# Dove Shoot Southeast GA?



## ssramage (Jul 10, 2017)

I'd like to take my 4 year old son on his first dove hunt this year. Would like something within a couple hours of the St. Simons/Brunswick area.

Let me know if you know of anything. Thanks!


----------



## porkless1 (Jul 12, 2017)

*dove*

I will have several shoots at a couple of locations. Sandersville Ga. 4782322559 Rusty
oconeeridge.com


----------



## smoothie (Jul 15, 2017)

Valdosta if that is close enough


----------



## Coach30458 (Jul 24, 2017)

Give us a call. We have been doing dove hunts for 10+ years and have a few memberships still available. you can look us up on the web at www.redfernplantation.com and give us a call if you have any questions.


----------



## Chase4556 (Jul 24, 2017)

Coach30458 said:


> Give us a call. We have been doing dove hunts for 10+ years and have a few memberships still available. you can look us up on the web at www.redfernplantation.com and give us a call if you have any questions.



Can vouch for the quality of these hunts! Some of the best dove hunts I've been on.


----------



## ssramage (Jul 27, 2017)

Coach30458 said:


> Give us a call. We have been doing dove hunts for 10+ years and have a few memberships still available. you can look us up on the web at www.redfernplantation.com and give us a call if you have any questions.



Do you do any single hunts? Statesboro is a haul from me to be a full member I think.


----------



## AllTerrainAngler (Jul 28, 2017)

Hopefully something will come up. I'm in statesboro and looking for opening weekend hunts.


----------



## Coach30458 (Jul 30, 2017)

ssramage said:


> Do you do any single hunts? Statesboro is a haul from me to be a full member I think.



We do offer single day hunts for $150 per day after opening day.


----------



## Chase4556 (Jul 30, 2017)

Coach30458 said:


> We do offer single day hunts for $150 per day after opening day.



Good to know, I didn't realize y'all were offering that. May try and come see ya and knock some birds down.


----------



## ssramage (Jul 31, 2017)

Coach30458 said:


> We do offer single day hunts for $150 per day after opening day.
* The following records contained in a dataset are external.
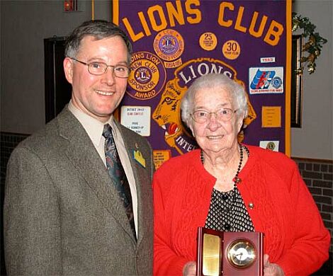 Apalachin Lions Club President David Rupright presents Henrietta Whitney
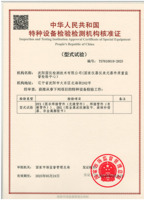 經國家市場監(jiān)督管理總局審查,獲準從事DYX(限非焊接管件(無縫管件)、焊接管件(有縫管件))、DBX(限金屬波紋膨脹節(jié)、旋轉補償器、非金屬膨脹節(jié))特種設備型式試驗檢驗工作。
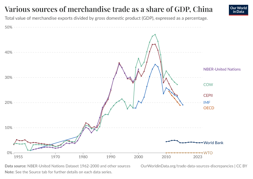 At Our World in Data, we have chosen to rely on CEPII as the main source for exploring long-run changes in international trade, but we also rely on World Bank, OECD, and IMF data for up-to-date cross-country comparisons.
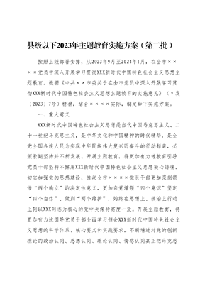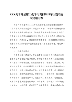 XXX关于开展第二批学习贯彻2023年主题教育的实施方案.docx
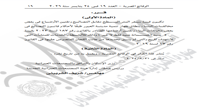 حددت الوزارة سعر المتر بـ500 جنيه في مدينة العبور للأنشطة غير الربحية التي لم يسبق تقييمها من قبل اللجان المختصة، وفق ما نُشر في الجريدة الرسمية العدد 19 بتاريخ 24 يناير 2026.
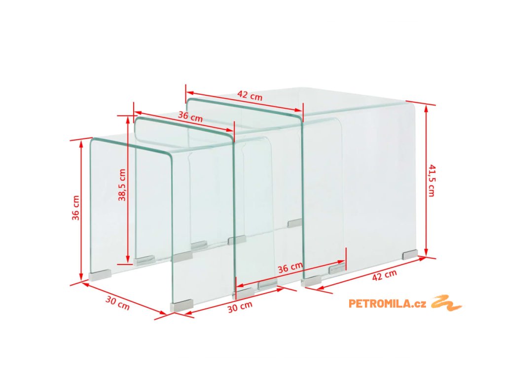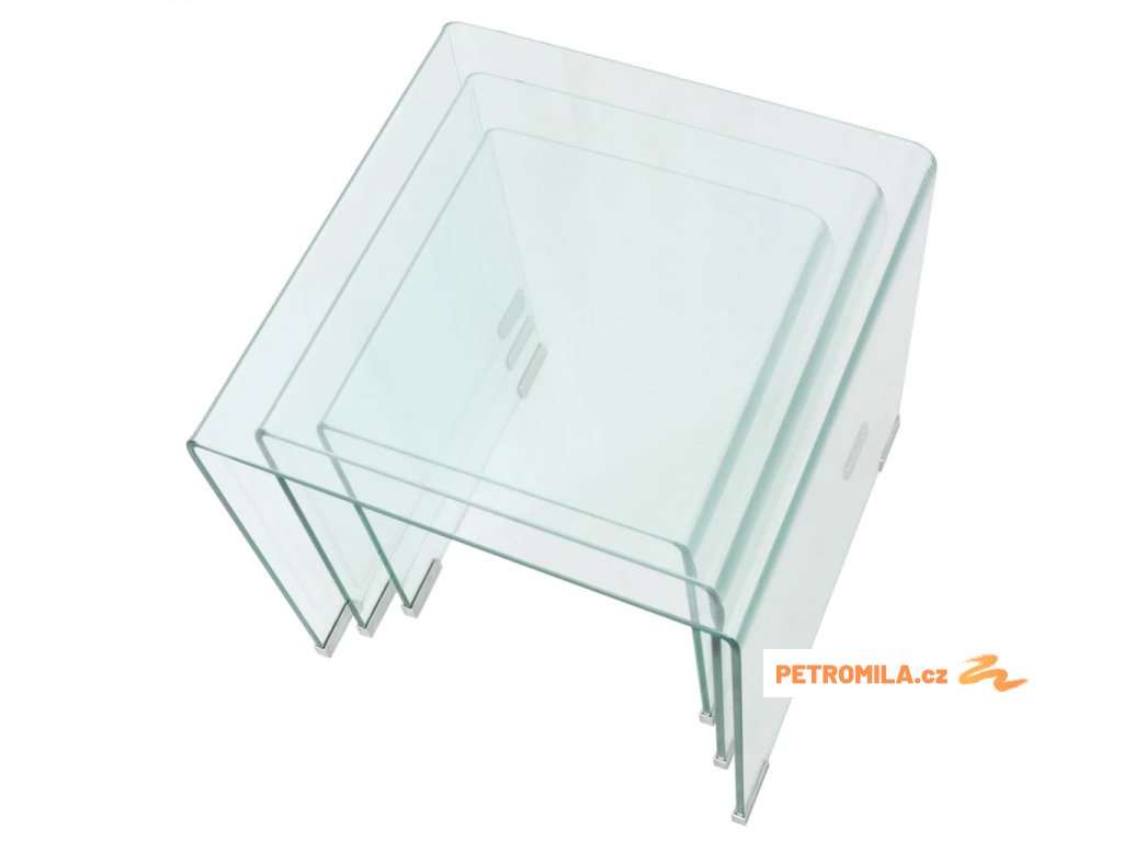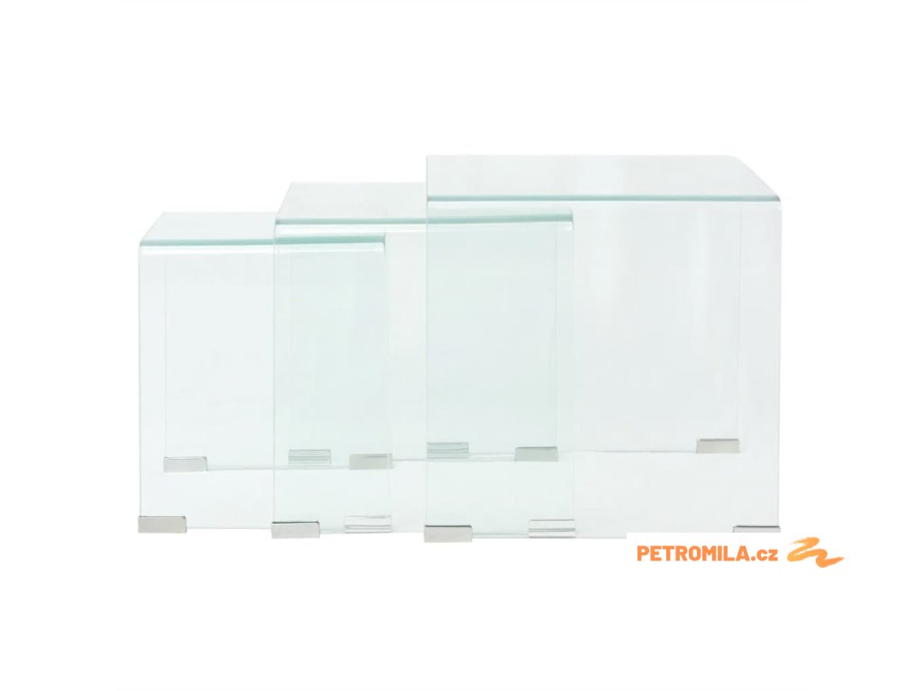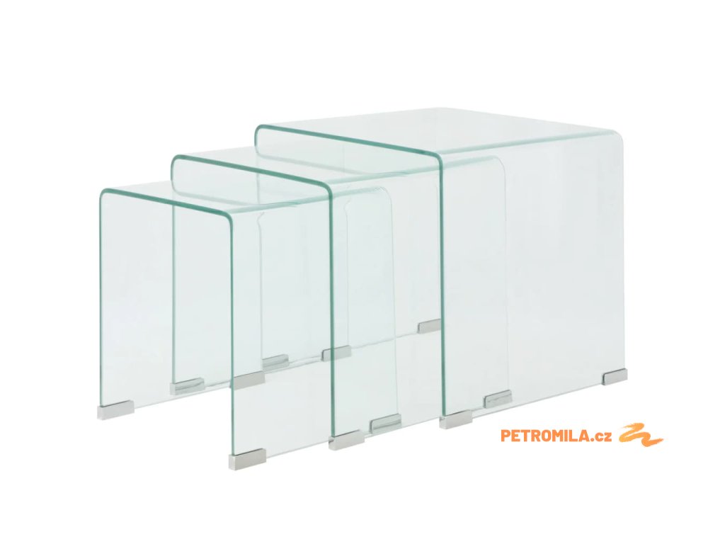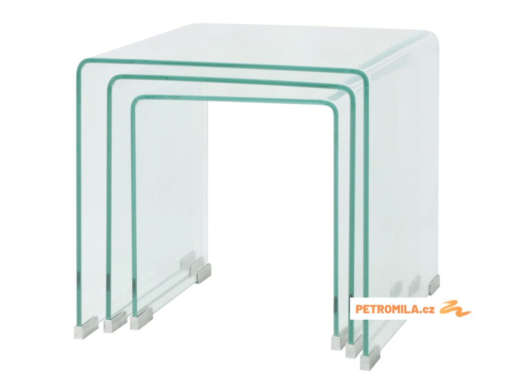 Tři hnízdové stolky, tvrzené sklo čiré

Good to know. I've got a few irons in the fire right now, so once I know my schedule for the Fall in more detail I'll be in touch. Do you have a list of planned shoots and dates that you could PM me?


----------



## ssramage (Aug 10, 2017)

Still looking for a good family friendly shoot for opening day to take my son on.


----------



## willkelley (Aug 31, 2017)

any shoots within an hour of statesboro on monday? got myself and possibly one other looking.


----------